Only use available tools, remove content

I use the tools / function calling api as part of a process to decide which data to inject. There are 4 different tool / function options. Sometimes the AI will not use a tool, which is ok, but it generates content which can take up to 4x longer to complete than if its just a tool call.

How can I tell it to not bother with content (I want to move on rather than hang for the time for the content to complete)? If I can’t stop this, is there a way to do it with streaming so I can detect there is no tool call before the content generates?

1 Like

Interesting!

Did you try asking for this explicitly in the prompt (system message)?

If that doesn’t work for some reason, maybe you can try moving the whole tool call to a less structured system message (describing the structure of your function calls there and ask to only receive a JSON back). This is potentially a bit of a hassle but I’d expect your requirement should work.

The AI will almost never write content text before emitting its tool call. Therefore, you can monitor the first chunks of data in a stream json, and if tool_call is empty for several and needed for the input to be satisfied, you can force the connection closed (client.close() in Python) and try a different technique.

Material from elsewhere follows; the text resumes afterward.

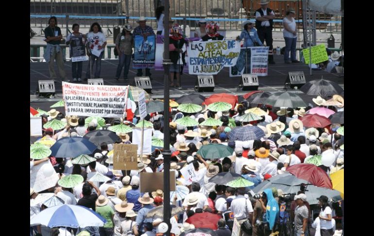 México | Demandan un alto a la inseguridad ante manifestantes de la Marcha por la Paz Víctimas de la violencia unen su voz en el Zócalo Demandan un alto a la inseguridad ante manifestantes de la Marcha por la Paz Por: SUN 8 de mayo de 2011 - 17:15 hs Ciudadanos y activistas de distintos organismos se reúnen en el Zócalo. ARCHIVO / - Marcha por la Paz llega a Zócalo- Marcha por la Paz parte al Zócalo - Reportan saldo blanco durante la Marcha por la Paz- La estructura de las instituciones está podrida: Javier Sicilia CIUDAD DE MÉXICO (08/MAY/2011).- Tras su arribo a la Plaza de la Constitución, dirigentes de la Marcha Nacional por la Paz hicieron uso del micrófono del estrado para protestar por la violencia en el país, narrar sus experiencias y exigir un alto a la inseguridad. Decenas de personas subieron al templete para unir su voz a la de miles que abarrotan el Zócalo capitalino en demanda de paz. Entre aplausos, expresiones de apoyo y al grito de "no están solos" la vanguardia de la Marcha Nacional por la Paz comenzó su ingreso al primer cuadro de la ciudad alrededor de las 16:00 horas, cuyas calles están repletas de ciudadanos unidos bajo la exigencia de "Ya basta". El escritor y poeta Javier Sicilia, quien encabeza la marcha, levanta la mano derecha en señal de agradecimiento y junto a él caminan decenas de activistas sociales como del Comité del 68, el Movimiento la Otra Campaña del Ejército Zapatista de Liberación Nacional (EZLN), politólogos, amigos y familiares. Destacan cientos de pancartas con el nombre de personas que han sido víctimas de secuestros o del crimen organizado. "Alberto Valladolid, Jaime Aceves, y Enrique García. Desaparecido en Colima el 6 de diciembre de 2010". Sobre 5 de mayo los organizadores colocaron entre los edificios una enorme manta color rojo y en medio el logotipo de no más sangre. El hijo de Sicilia murió hace más de un mes a manos en manos del crimen organizado, se alista para leer el pliego de la sociedad civil en contra de la violencia. Temas Estados Distrito Federal Manifestaciones en México Javier Sicilia Lee También Clima en Ciudad de México hoy: el pronóstico para el domingo 12 de octubre de 2025 'Chicharito' marca su primer gol al América en partido amistoso Reformas a Ley de Amparo no limita derechos ciudadanos Festival del Pan de Muerto en CDMX: Fechas, horarios y actividades Recibe las últimas noticias en tu e-mail Todo lo que necesitas saber para comenzar tu día Registrarse implica aceptar los Términos y Condiciones

If the use of tool is optional and depends on the user input, making the choice to close automatically at a particular part of pipelining a multi-turn task would be harder.

thanks for responses @ramn7 and @_j … my experience back in case someone else has similar goals:

  • putting in system message doesn’t help much, but actually appending an instruction to the end of the user message can help limit the content. The one that I used that is greatly speeds up things: “Just write ‘1’ please, i just wanted to ask the question.”

  • streaming is also promising - because like _j said the tool call comes first - actually the whole tool name is there in the very first chunk. so i thought this would be the fastest solution but when i measured it against the above it was about the same speed, which is surprising to me. since this method is a bit more complex, i went with the first method.

1 Like